VATICAN CITY - As the devout Ned Flanders would put it, the Vatican's newspaper thinks "The Simpsons" are an okely dokely bunch.

VATICAN CITY - As the devout Ned Flanders would put it, the Vatican's newspaper thinks "The Simpsons" are an okely dokely bunch.

L'Osservatore Romano on Tuesday congratulated the show on its 20th anniversary, praising its philosophical leanings and its stinging and often irreverent take on religion. Without Homer Simpson and the other yellow-skinned characters "many today wouldn't know how to laugh," said the article titled "Aristotle's Virtues and Homer's Doughnut."

The paper credited "The Simpsons" - the longest-running American animated program - with opening up cartoons to an adult audience.

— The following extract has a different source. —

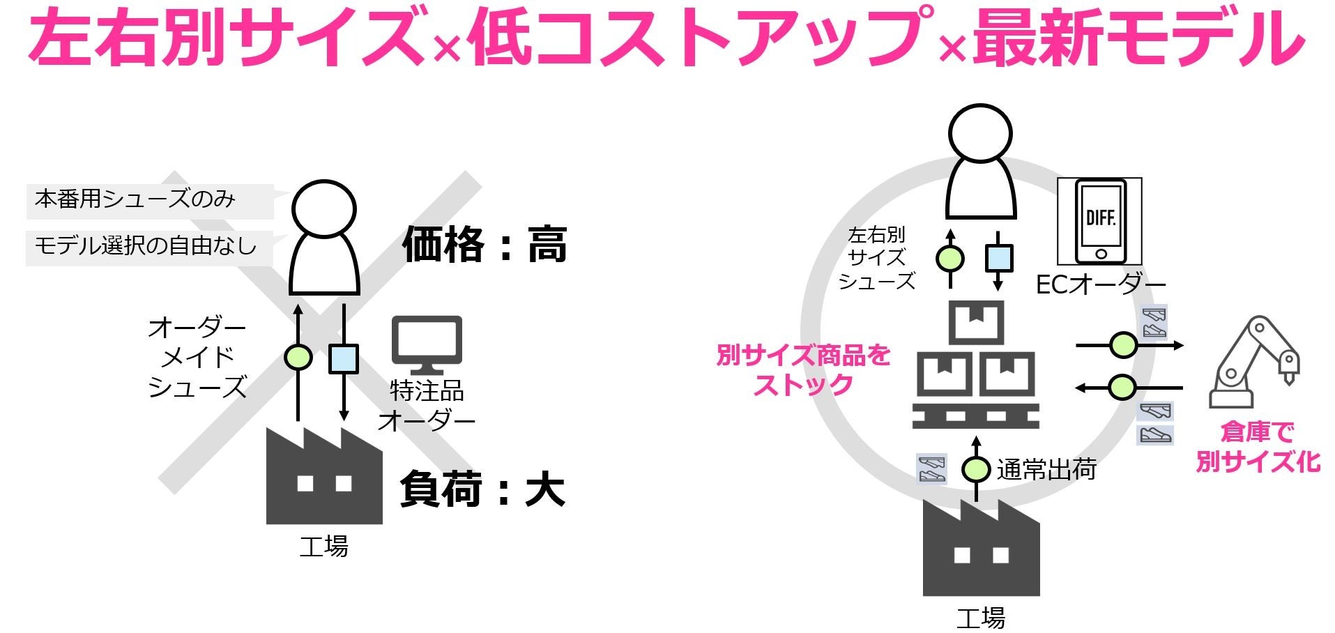 - 補助対象となった左右別サイズのシューズ購買サービス『DIFF.』
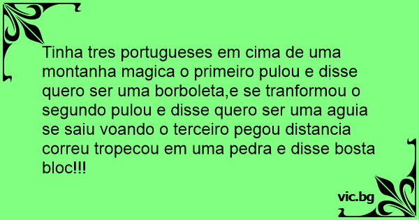 Tinha tres portugueses em cima de uma montanha magica o primeiro pulou e disse quero ser uma borboleta,e se tranformou o segundo pulou e disse quero ser uma aguia se saiu voando o terceiro pegou distancia correu tropecou em uma pedra e disse bosta bloc!!!

Religion, from the snore-evoking sermons of the Rev. Lovejoy to Homer's face-to-face talks with God, appears so frequently on the show that it could be possible to come up with a "Simpsonian theology," it said.

The paper commented on several religion-themed episodes, including one in which Homer calls for divine intervention by crying: "I'm not normally a religious man, but if you're up there, save me, Superman!"

"Homer finds in God his last refuge, even though he sometimes gets His name sensationally wrong," L'Osservatore said.

"But these are just minor mistakes, after all, the two know each other well."